### PROBLEM DETAILS:
Would you transcribe the records below from the line with "BeoVision 8-32 i" to the line with "So fun with", ends included, exactly and with nothing more, leaving the pictures out?

### GIVEN DATA:
═══

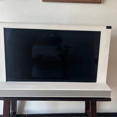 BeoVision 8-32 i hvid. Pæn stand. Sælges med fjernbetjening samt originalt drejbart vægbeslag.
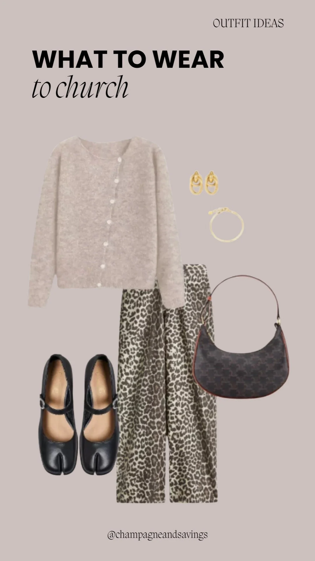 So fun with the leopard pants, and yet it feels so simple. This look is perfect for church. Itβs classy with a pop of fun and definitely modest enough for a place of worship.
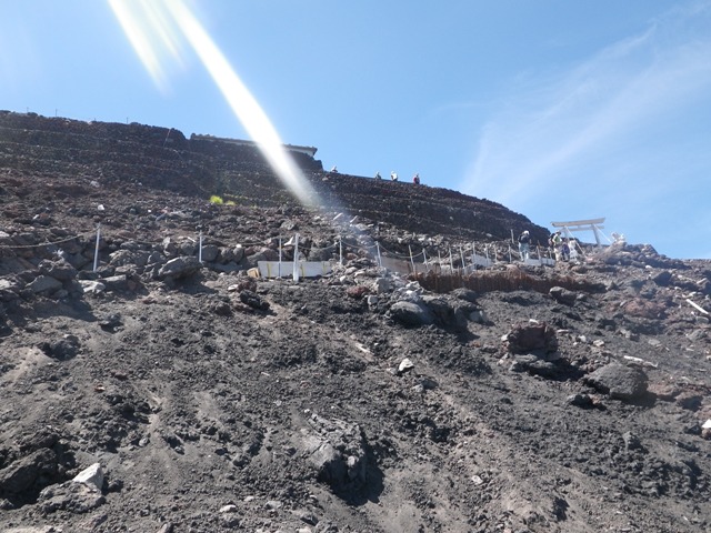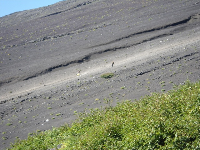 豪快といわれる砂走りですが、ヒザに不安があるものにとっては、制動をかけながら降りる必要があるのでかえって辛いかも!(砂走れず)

═══

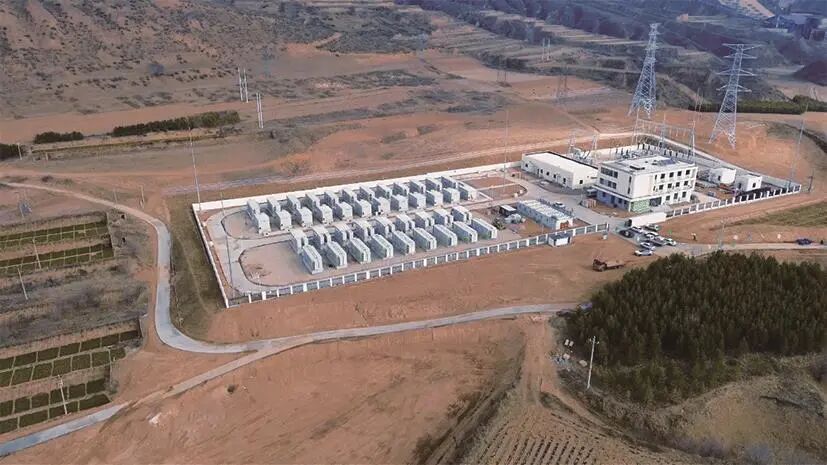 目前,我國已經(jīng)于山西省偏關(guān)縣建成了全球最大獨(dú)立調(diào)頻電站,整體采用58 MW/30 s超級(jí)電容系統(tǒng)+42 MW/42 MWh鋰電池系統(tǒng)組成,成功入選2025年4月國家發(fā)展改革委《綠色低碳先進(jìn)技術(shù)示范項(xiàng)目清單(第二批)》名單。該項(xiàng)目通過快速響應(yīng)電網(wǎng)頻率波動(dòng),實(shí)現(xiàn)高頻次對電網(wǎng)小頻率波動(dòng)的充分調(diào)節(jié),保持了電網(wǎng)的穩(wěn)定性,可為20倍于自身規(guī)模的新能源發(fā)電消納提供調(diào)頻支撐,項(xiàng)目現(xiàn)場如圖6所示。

═══

### FINAL ANSWER:
 BeoVision 8-32 i hvid. Pæn stand. Sælges med fjernbetjening samt originalt drejbart vægbeslag.
 So fun with the leopard pants, and yet it feels so simple. This look is perfect for church. Itβs classy with a pop of fun and definitely modest enough for a place of worship.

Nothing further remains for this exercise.